Non-departmental public body (NDPB) overview
- Formed: 1969
- Dissolved: 31 December 2010
- Minister responsible: Harriet Harman, Minister for Women and Equalities;
- Non-departmental public body (NDPB) executive: Baroness Gould;
- Parent department: Government Equalities Office
- Website: www.thewnc.org.uk www.wnc.equalities.gov.uk

= Women's National Commission =

Defunct British public body

The Women's National Commission (often shortened to WNC) was an advisory non-departmental public body (NDPB) set up in 1969 by former Prime Minister Harold Wilson to advise the United Kingdom's government on women's views, and to act as an umbrella body for UK-based women's groups in their dealings with government.

Until the 1990s, it was run by an executive, as voted for by its 'partners'. These were women's groups that had applied for and gained formal membership, the number of groups allowed to become members was limited to fifty. The government appointed a co-chair to manage the body, together with the elected chair.

After a review of the organisation in the late 1990s, it was relaunched as an NDPB. The government gave up its permanent co-chair position and removed the limit on the number of partner organisations it could have affiliated. Partners then ceased to have a formal role in running the body. The Minister for Women then became responsible for appointing a board of Commissioners and a Chair, who would represent all partners and the wider women's movement.

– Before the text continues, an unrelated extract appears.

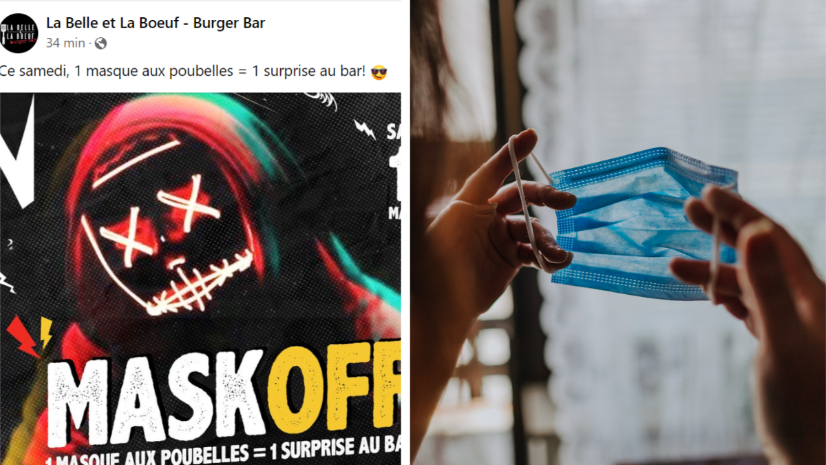 Pour «marquer» la fin du port du masque obligatoire ce samedi au Québec, le resto La Belle et la Bœuf offrira des «surprises» à chaque client qui osera mettre son masque… à la poubelle.

In July 2007, Harriet Harman, the newly appointed Minister for Women, announced that it would have a new role in consulting with women, to discover what they felt she should be doing as Minister. In October 2010, it was announced that the WNC would close on 31 December 2010 as part of the review of all NDPBs by the UK Government. It has now closed. A "legacy document" has been published to show the work that it had undertaken.